A solar cell works according to these steps. First, sunlight hits the solar cell and is absorbed by the semiconductor of which the solar cell is made. In the absorption process, electrons are freed from their atoms, allowing them to flow through the semiconductor. The presence of a p-n junction acts as a diode, only allowing the electrons to move in a single direction. (Electrons and holes move in opposite directions, but the electrical current only moves in one.) Metal electrodes then transfer the light-generated electron flow into an electric circuit for use. A p-n junction is the interface between a region of the semiconductor where the dominant charge carriers are holes and a region where the carriers are electrons.
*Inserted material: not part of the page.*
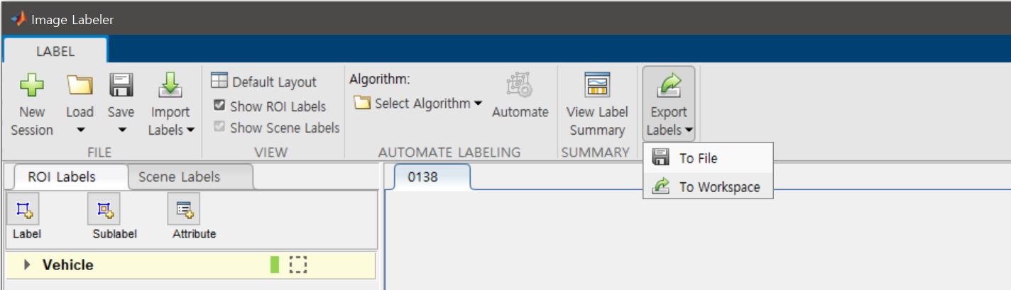 6. 라벨링이 모두 완료가 되면 Export Labels에서 추출해주시면 됩니다. 저는 한번 더 검증하기 위해 보통 To Workspace로 이동시킨다음 저장하는것을 선호합니다. 저장 방식은 Ground Truth 보단 Table 형태가 직관적입니다.

A conventional solar cell is made of a thin wafer of a semiconductor with a metallic electrode deposited on its rear side. The side facing the light source is polished more finely than any optical lens, cleaned to the atomic level, and then dopant atoms are deposited onto the front side, whereupon the entire wafer is placed in a high-temperature diffusion furnace.
The purpose of a dopant is to change the dominant charge carrier in the semiconductor from hole-rich to electron-rich, or v.v. In this process the p-n junction that converts incident light into a flow of electrons is formed. Following diffusion, the wafer is again cleaned, and a metallic electrode is grown on the front surface, using arcane rituals to ensure an ohmic contact with the active semiconductor material. (An ohmic contact is an electrical contact that obeys Ohm's law, having no rectifying or diode-like properties.)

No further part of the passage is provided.